[Provided data Boundary: Start]
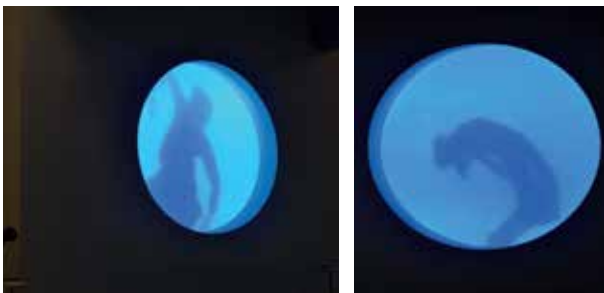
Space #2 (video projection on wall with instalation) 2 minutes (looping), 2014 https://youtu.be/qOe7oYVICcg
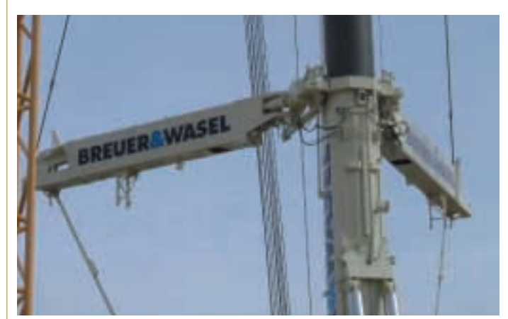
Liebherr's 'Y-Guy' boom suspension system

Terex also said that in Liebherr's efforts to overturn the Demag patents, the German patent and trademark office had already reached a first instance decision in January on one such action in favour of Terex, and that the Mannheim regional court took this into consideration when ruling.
[Provided data Boundary: End]
[Provided data Boundary: Start]
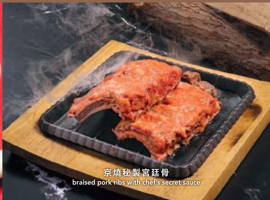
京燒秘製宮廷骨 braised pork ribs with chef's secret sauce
[Provided data Boundary: End]
What to work on:
Your answer must be one number: the count of lines in the entries that contain the string "Liebherr".

Completed task:
2